Work to be completed: Give the entries below again, word for word, and leave out the images.

Data to examine:
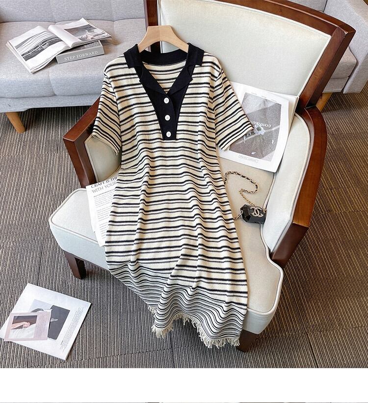 プラスサイズの婦人服 2023 夏服太った妹は薄い気質フレンチ A ラインスカートデザインセンスストライプカジュアルドレス 大きめサイズ サマー 夏物 Aライン 8884177780812160
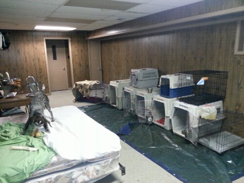 Dog world is starting to take shape. 1/2 of the basement is finished (with A/C and heat) and the other 1/2 is set up for storage. Lots and Lots of stuff in the storage area but it is getting better everyday. I know I need a crate intervention. I have about 3-4 crates per dog (or that is what I am admitting to having,) some people have shoes, I have crates. This is a walk out basement so the dogs have access to the yard from the basement. In addition to AC, they have cable TV, a bed and a fridge and microwave. Actually some of that is for the people in case we have to go down for storm purposes.
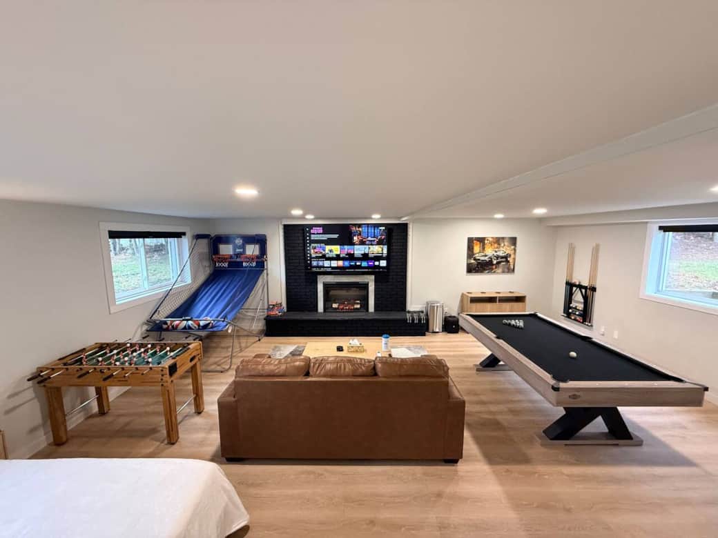 Bedroom: The bedroom is a large suite in itself, featuring the fireplace and 75" TV, pool table, foosball table, and basketball arcade game. There is an additional laundry room in here.
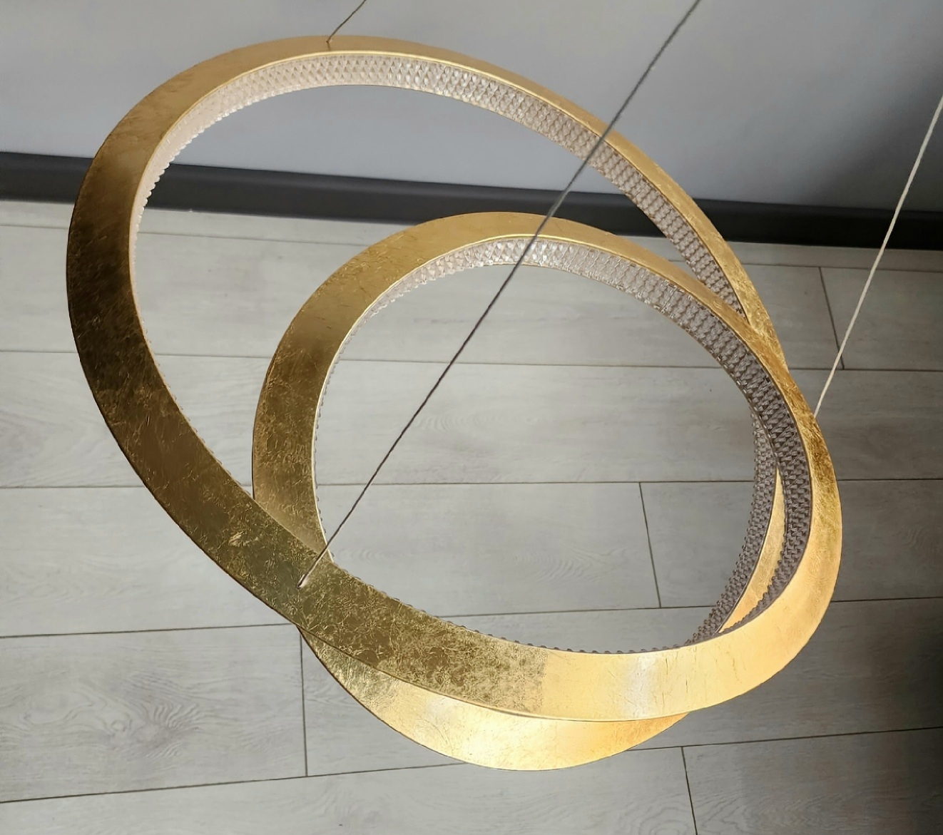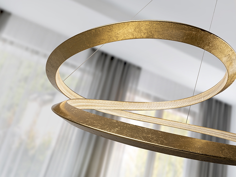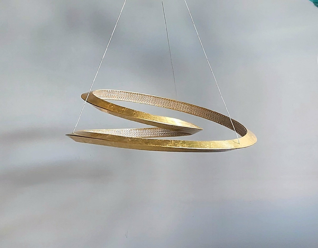 Оригинальный фигурный светодиодный светильник- завиток Eternity от бренда Schuller. Металлический абажур- объемная лента диаметром 60 см сделан с красивой отделкой золотой сусальной фольгой и фиксировано держит форму. По его внутреннему контуру расположен источник света, который закрывают декоративные прозрачные элементы из акрила. Высота подвешивания этой стильной люстры регулируется по необходимости, световой поток 45W LED, тёплый свет 3000К. Потолочная чаша с глянцевой золотой отделкой.
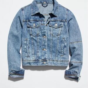 "A classic wardrobe staple, this simple denim jacket is the perfect layer for the season". Still on the Free People Website.
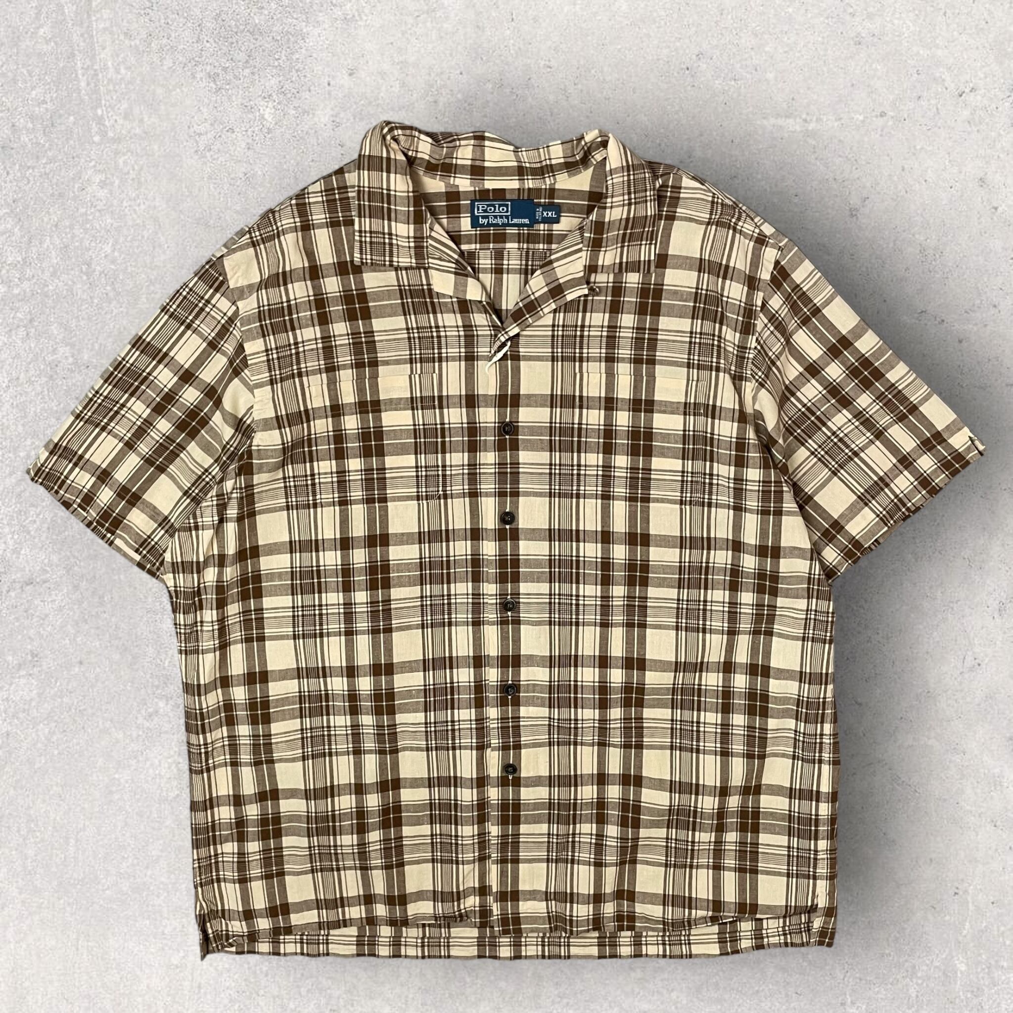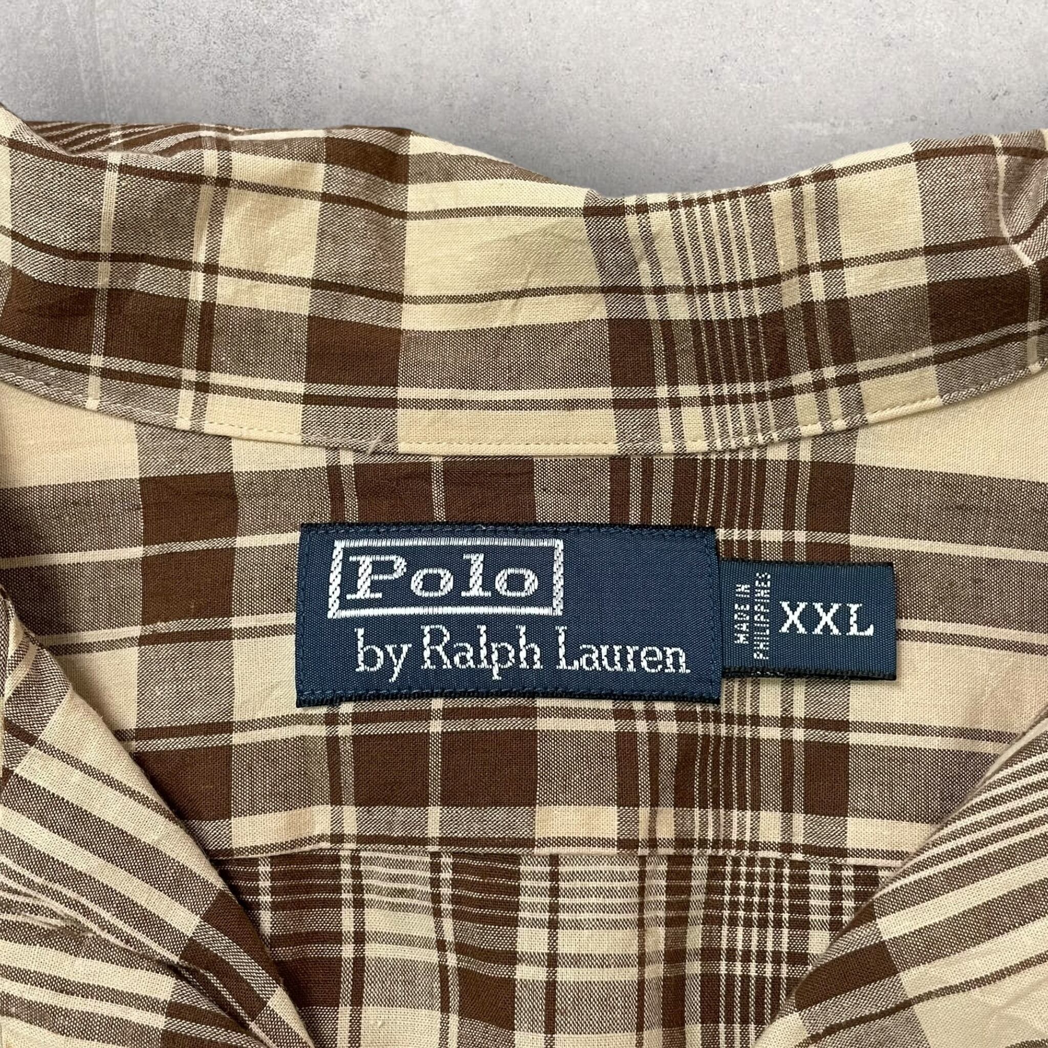 polo by ralph lauren cotton × linen "brown check" shirt 90s
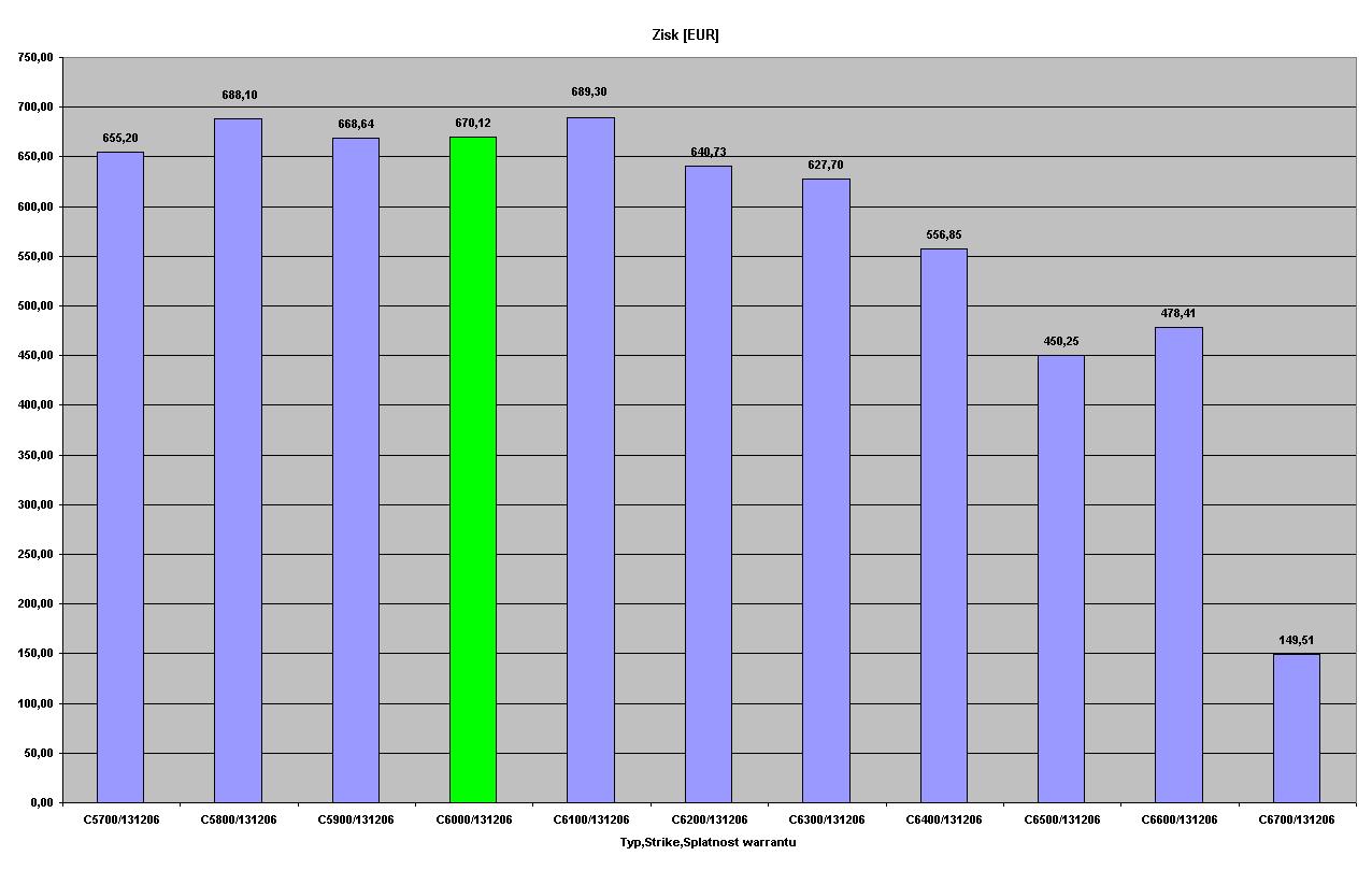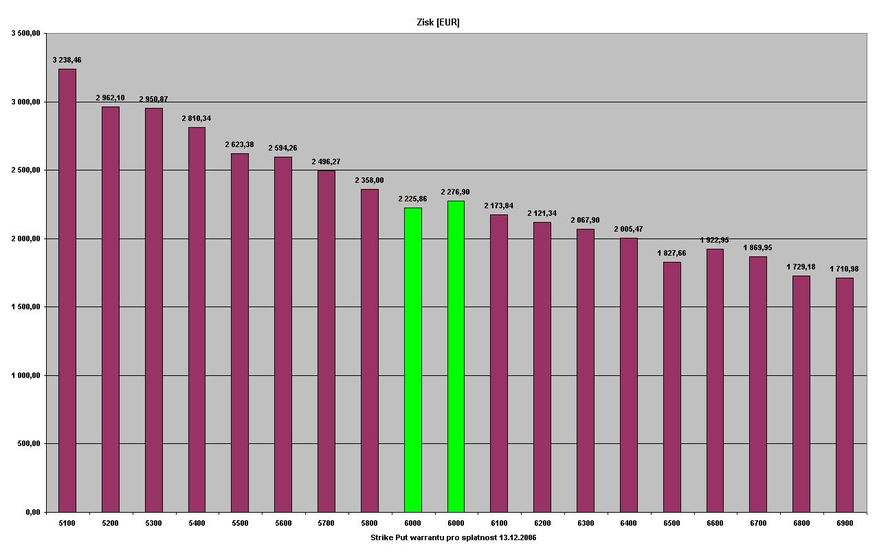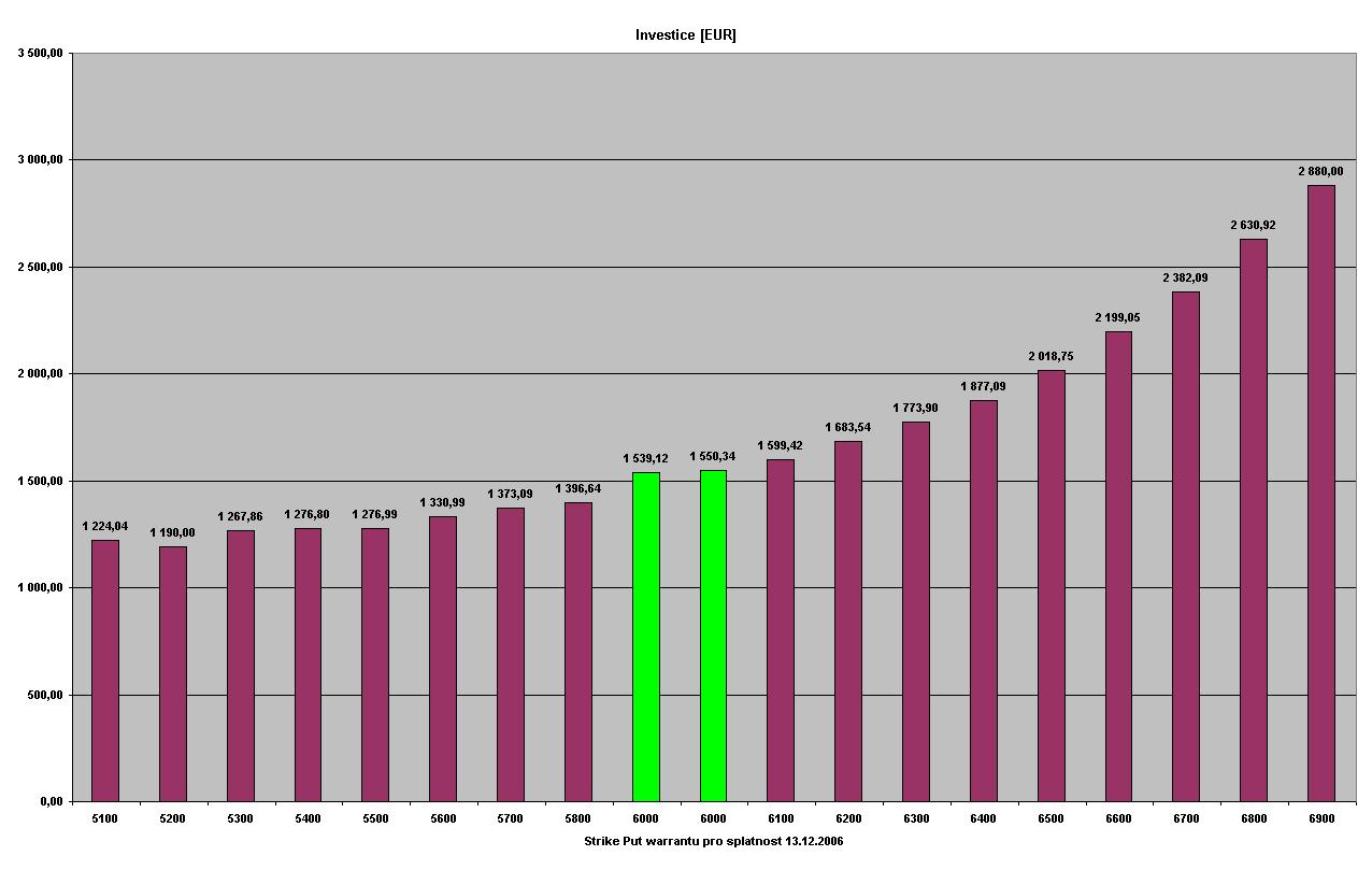 Pokračování č.1 červeně označené warranty jsou warranty, které bych osobně pro danou splatnost vybíral. Jedná se o warranty s hodnotou delta cca 0,4. Na grafech jsou tyto warranty označeny zelenou barvou. Konzervatinější obchodník může volit warranty s hodnotou delta 0,5. 1.graf zobrazuje objem investice do warrantu s daným strikem a splatností, aby byly dodrženy pravidla moneymanagementu. 2.graf zobrazuje zisk z dané pozice [bold] Warranty se splatností 13.12.2006[/bold]
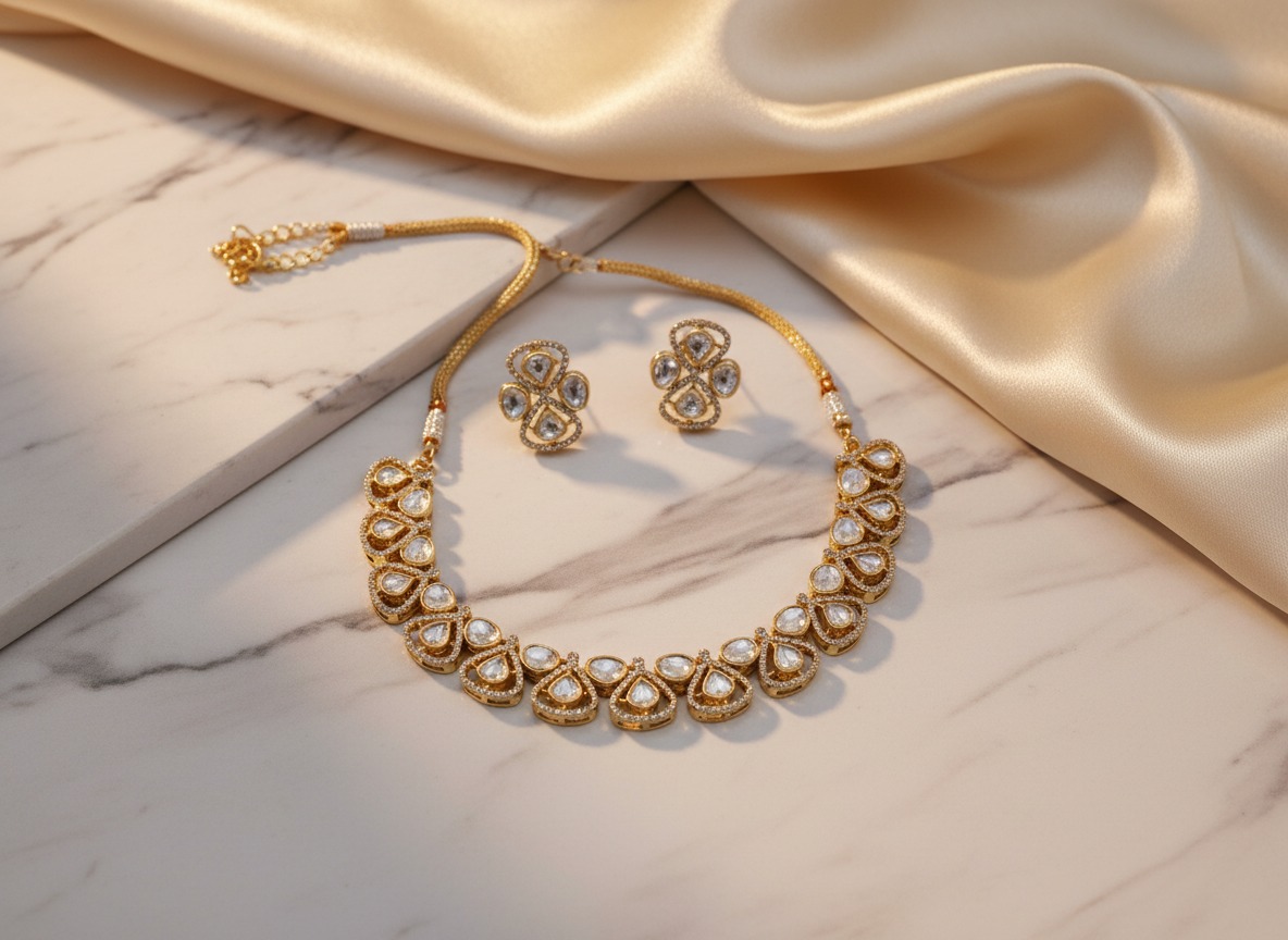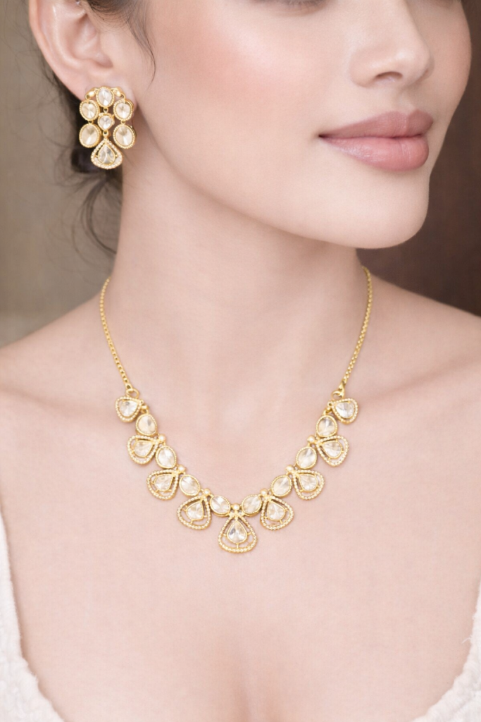 Chandrika Ivory Teardrop Polki Kundan gold plated studded Necklace Set

Solution to the problem:
 プラスサイズの婦人服 2023 夏服太った妹は薄い気質フレンチ A ラインスカートデザインセンスストライプカジュアルドレス 大きめサイズ サマー 夏物 Aライン 8884177780812160
 Dog world is starting to take shape. 1/2 of the basement is finished (with A/C and heat) and the other 1/2 is set up for storage. Lots and Lots of stuff in the storage area but it is getting better everyday. I know I need a crate intervention. I have about 3-4 crates per dog (or that is what I am admitting to having,) some people have shoes, I have crates. This is a walk out basement so the dogs have access to the yard from the basement. In addition to AC, they have cable TV, a bed and a fridge and microwave. Actually some of that is for the people in case we have to go down for storm purposes.
 Bedroom: The bedroom is a large suite in itself, featuring the fireplace and 75" TV, pool table, foosball table, and basketball arcade game. There is an additional laundry room in here.
 Оригинальный фигурный светодиодный светильник- завиток Eternity от бренда Schuller. Металлический абажур- объемная лента диаметром 60 см сделан с красивой отделкой золотой сусальной фольгой и фиксировано держит форму. По его внутреннему контуру расположен источник света, который закрывают декоративные прозрачные элементы из акрила. Высота подвешивания этой стильной люстры регулируется по необходимости, световой поток 45W LED, тёплый свет 3000К. Потолочная чаша с глянцевой золотой отделкой.
 "A classic wardrobe staple, this simple denim jacket is the perfect layer for the season". Still on the Free People Website.
 polo by ralph lauren cotton × linen "brown check" shirt 90s
 Pokračování č.1 červeně označené warranty jsou warranty, které bych osobně pro danou splatnost vybíral. Jedná se o warranty s hodnotou delta cca 0,4. Na grafech jsou tyto warranty označeny zelenou barvou. Konzervatinější obchodník může volit warranty s hodnotou delta 0,5. 1.graf zobrazuje objem investice do warrantu s daným strikem a splatností, aby byly dodrženy pravidla moneymanagementu. 2.graf zobrazuje zisk z dané pozice [bold] Warranty se splatností 13.12.2006[/bold]
 Chandrika Ivory Teardrop Polki Kundan gold plated studded Necklace Set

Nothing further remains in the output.